Give back the full listing verbatim, apart from its images.

======== Data to use ========

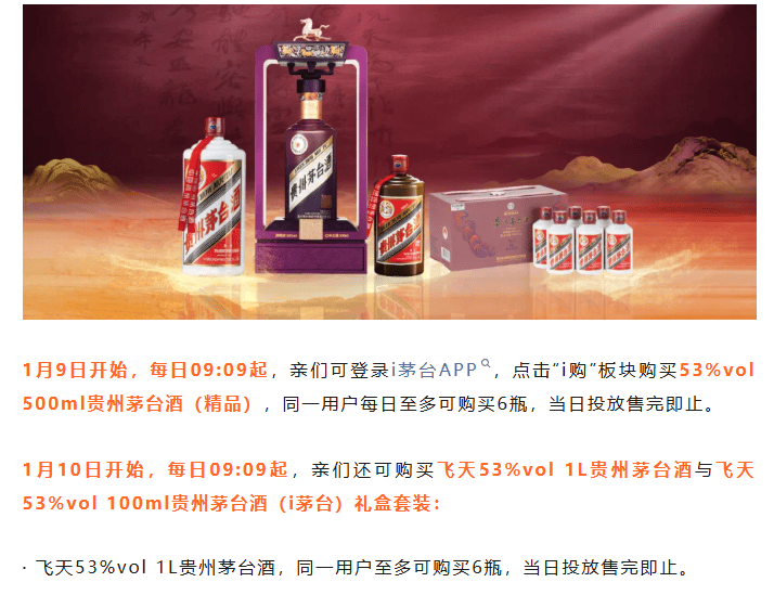 【导读】1499买飞天茅台,每人每天限购12瓶 中国基金报记者 泰勒 大家好,茅台放大招了! (资料图片仅供参考) 2026年的第一天,上午 9时起,每人每日可在i茅台购买12瓶飞天茅台酒! 12月31日晚间,据"贵州茅台"官方消息, 2026年1月1日起,i茅台APP焕新改版,将原有的"享约·申 购"与"畅享·云购"整合升级为统一的"i购"入口。在"i购"页面,用户可直接购买所有i茅台APP的在售商 品。 1月1日上午9时,飞天53%vol 500ml贵州茅台酒(2026)将正式发售,每位用户目前每日最多可购买12 瓶。每日投放量会综合考虑防止炒作、供需适配和市场稳定确定,当日售完即止。之后,每日上午9时 准点开售。 其中上架的产品包括,贵州茅台酒经典系列: 飞天53%vol 500ml贵州茅台酒(2026) 飞天53%vol 500ml贵州茅台酒(2024) 飞天53%vol 500ml贵州茅台酒(2023) 飞天53%vol 500ml贵州茅台酒(2022) 飞天53%vol 500ml贵州茅台酒(2021) 飞天53%vol 500ml贵州茅台酒(2020) 飞天53%vol 500ml贵州茅台酒(2 ...
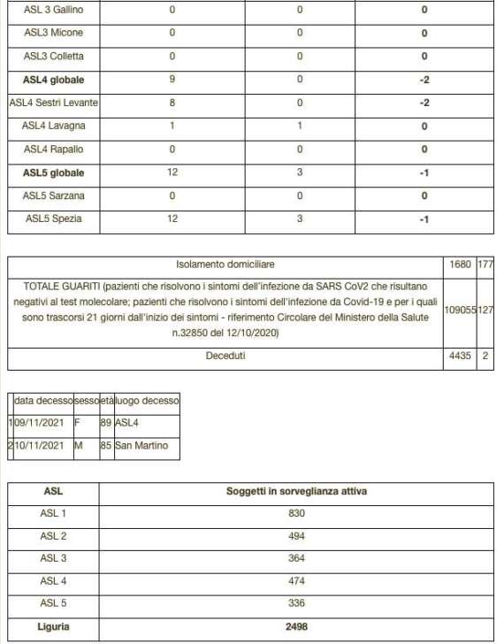 Sono 4.435 i morti con coronavirus con un aumento rispetto a quanto comunicato ieri da Regione Liguria di due (femmina di 89 anni deceduta il 9 novembre nel territorio dell’Asl 4 Chiavarese e maschio di 85 anni deceduto il 10 novembre al San Martino di Genova).
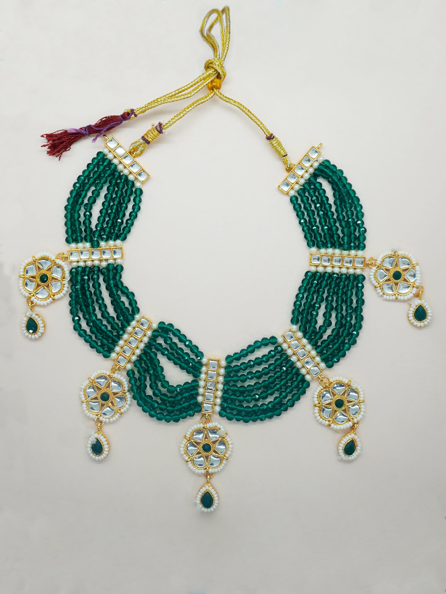 Pair this gold-plated kundan and pearl jewelry set with a rich, traditional saree or lehenga in shades of red, green, or gold to complement the emerald accents. For a more modern yet ethnic look, wear it with an elegant anarkali dress or a fusion outfit, allowing the intricate design to shine as your statement piece. This set is perfect for weddings, festivals, or any grand occasion where you want to exude timeless elegance.
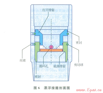 為了順利將Æl77.8mm套管下入長1200m的Æ215.9mm井眼內(nèi),在套管串中應用了漂浮接箍(圖6)。漂浮接箍上部的套管柱灌入鉆井液,下部的套管內(nèi)部充滿空氣(沒有鉆井液),漂浮接箍下部套管入井后受到鉆井液的浮力作用降低了井壁對套管柱的摩擦阻力;而漂浮接箍上部的套管內(nèi)灌有鉆井液會增加套管柱的重量,確保套管順利入井。下到預定深度后向套管內(nèi)加壓,直到扣‘開滑套向下移動讓鉆井液與空氣進行交換。當流動穩(wěn)定后,整個套管柱內(nèi)都充滿了鉆井液投入下膠塞,注入水泥漿,浮鞋盲板打開。當下膠塞坐定在滑套上后,剪斷銷釘,水泥漿就把下膠塞和漂浮接箍的兩個滑套一起下推向下部的浮箍下膠塞和兩個滑套坐定在浮箍上,并與浮箍密封。下膠塞破裂,水泥漿通過浮鞋泵出,頂替上膠塞,并與浮箍處的下膠塞和漂浮接箍組件形成密封,確保固井質(zhì)量。
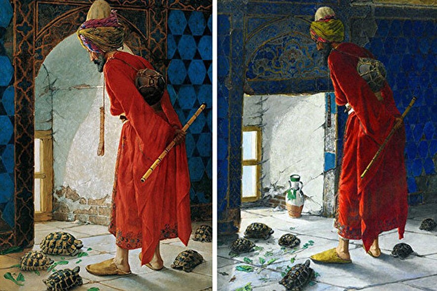 Kaplumbağa terbiyecisinin iki farklı versiyonu olduğunu söylemiştik. İşte burada da yine gizemler ve iki resim arasındaki farklar bulunmaktadır. Şimdi o farkların şifresine bakalım.
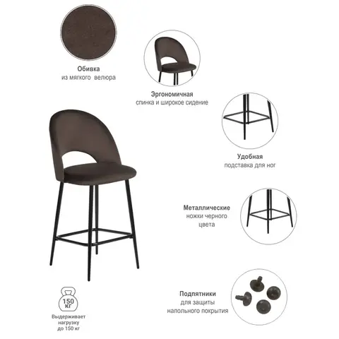 Спецификация: Стул полубарный на разборном металлическом каркасе. Обивка из износостойкого мебельного велюра устойчива к истиранию. Размер: 49x52x101см Глубина сиденья 44 см. Высота сиденья 65 см. Расстояние между передними ножками 35 см Расстояние между передней и задней ножкой 42 см Высота подножки 22см Вес стула 7,5 кг Максимальная нагрузка 120 кг. Поставляется в разобранном виде.
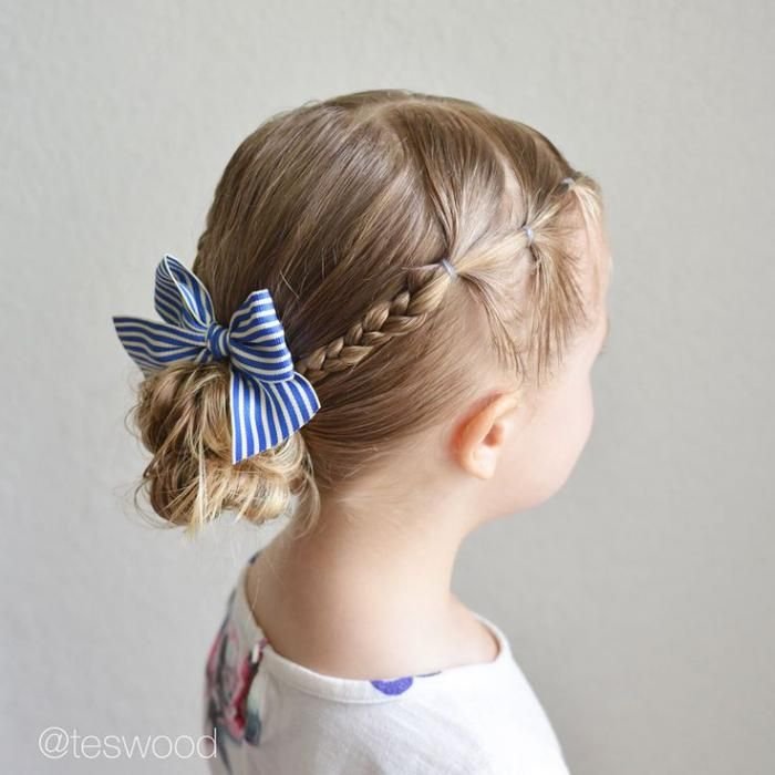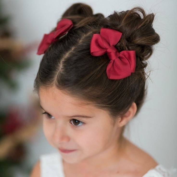 Okay, this one is technically a school style but it’s also fancy enough for holiday photos and family events, so it does double duty! You create two large space buns high up on the crown, add some beautiful oversized burgundy red grosgrain bows, and that’s it. It’s one of those styles that looks really special without being complicated. Your little girl is going to feel like a total star wearing this.
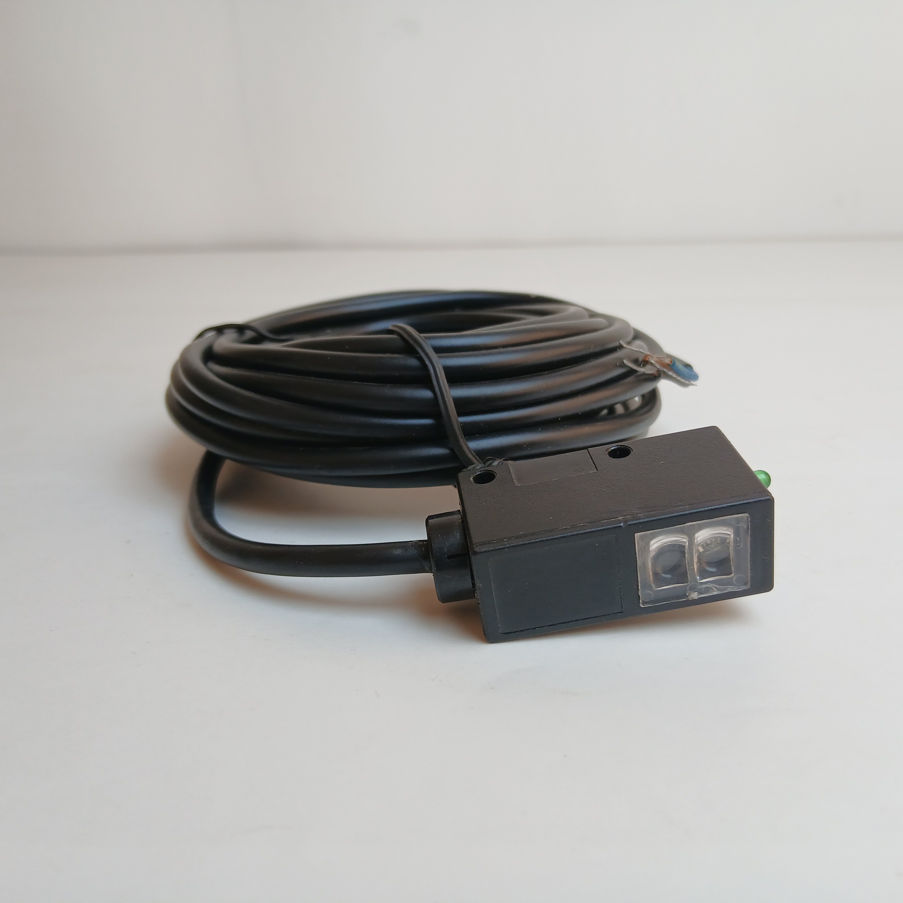 سنسور نوری یک طرفه PNP کعبی با قابلیت تنظیم حساسیت و نمایشگر اتصال تغذیه و فعال شدن خروجی

========

> _Expected answer_
 【导读】1499买飞天茅台,每人每天限购12瓶 中国基金报记者 泰勒 大家好,茅台放大招了! (资料图片仅供参考) 2026年的第一天,上午 9时起,每人每日可在i茅台购买12瓶飞天茅台酒! 12月31日晚间,据"贵州茅台"官方消息, 2026年1月1日起,i茅台APP焕新改版,将原有的"享约·申 购"与"畅享·云购"整合升级为统一的"i购"入口。在"i购"页面,用户可直接购买所有i茅台APP的在售商 品。 1月1日上午9时,飞天53%vol 500ml贵州茅台酒(2026)将正式发售,每位用户目前每日最多可购买12 瓶。每日投放量会综合考虑防止炒作、供需适配和市场稳定确定,当日售完即止。之后,每日上午9时 准点开售。 其中上架的产品包括,贵州茅台酒经典系列: 飞天53%vol 500ml贵州茅台酒(2026) 飞天53%vol 500ml贵州茅台酒(2024) 飞天53%vol 500ml贵州茅台酒(2023) 飞天53%vol 500ml贵州茅台酒(2022) 飞天53%vol 500ml贵州茅台酒(2021) 飞天53%vol 500ml贵州茅台酒(2020) 飞天53%vol 500ml贵州茅台酒(2 ...
 Sono 4.435 i morti con coronavirus con un aumento rispetto a quanto comunicato ieri da Regione Liguria di due (femmina di 89 anni deceduta il 9 novembre nel territorio dell’Asl 4 Chiavarese e maschio di 85 anni deceduto il 10 novembre al San Martino di Genova).
 Pair this gold-plated kundan and pearl jewelry set with a rich, traditional saree or lehenga in shades of red, green, or gold to complement the emerald accents. For a more modern yet ethnic look, wear it with an elegant anarkali dress or a fusion outfit, allowing the intricate design to shine as your statement piece. This set is perfect for weddings, festivals, or any grand occasion where you want to exude timeless elegance.
 為了順利將Æl77.8mm套管下入長1200m的Æ215.9mm井眼內(nèi),在套管串中應用了漂浮接箍(圖6)。漂浮接箍上部的套管柱灌入鉆井液,下部的套管內(nèi)部充滿空氣(沒有鉆井液),漂浮接箍下部套管入井后受到鉆井液的浮力作用降低了井壁對套管柱的摩擦阻力;而漂浮接箍上部的套管內(nèi)灌有鉆井液會增加套管柱的重量,確保套管順利入井。下到預定深度后向套管內(nèi)加壓,直到扣‘開滑套向下移動讓鉆井液與空氣進行交換。當流動穩(wěn)定后,整個套管柱內(nèi)都充滿了鉆井液投入下膠塞,注入水泥漿,浮鞋盲板打開。當下膠塞坐定在滑套上后,剪斷銷釘,水泥漿就把下膠塞和漂浮接箍的兩個滑套一起下推向下部的浮箍下膠塞和兩個滑套坐定在浮箍上,并與浮箍密封。下膠塞破裂,水泥漿通過浮鞋泵出,頂替上膠塞,并與浮箍處的下膠塞和漂浮接箍組件形成密封,確保固井質(zhì)量。
 Kaplumbağa terbiyecisinin iki farklı versiyonu olduğunu söylemiştik. İşte burada da yine gizemler ve iki resim arasındaki farklar bulunmaktadır. Şimdi o farkların şifresine bakalım.
 Спецификация: Стул полубарный на разборном металлическом каркасе. Обивка из износостойкого мебельного велюра устойчива к истиранию. Размер: 49x52x101см Глубина сиденья 44 см. Высота сиденья 65 см. Расстояние между передними ножками 35 см Расстояние между передней и задней ножкой 42 см Высота подножки 22см Вес стула 7,5 кг Максимальная нагрузка 120 кг. Поставляется в разобранном виде.
 Okay, this one is technically a school style but it’s also fancy enough for holiday photos and family events, so it does double duty! You create two large space buns high up on the crown, add some beautiful oversized burgundy red grosgrain bows, and that’s it. It’s one of those styles that looks really special without being complicated. Your little girl is going to feel like a total star wearing this.
 سنسور نوری یک طرفه PNP کعبی با قابلیت تنظیم حساسیت و نمایشگر اتصال تغذیه و فعال شدن خروجی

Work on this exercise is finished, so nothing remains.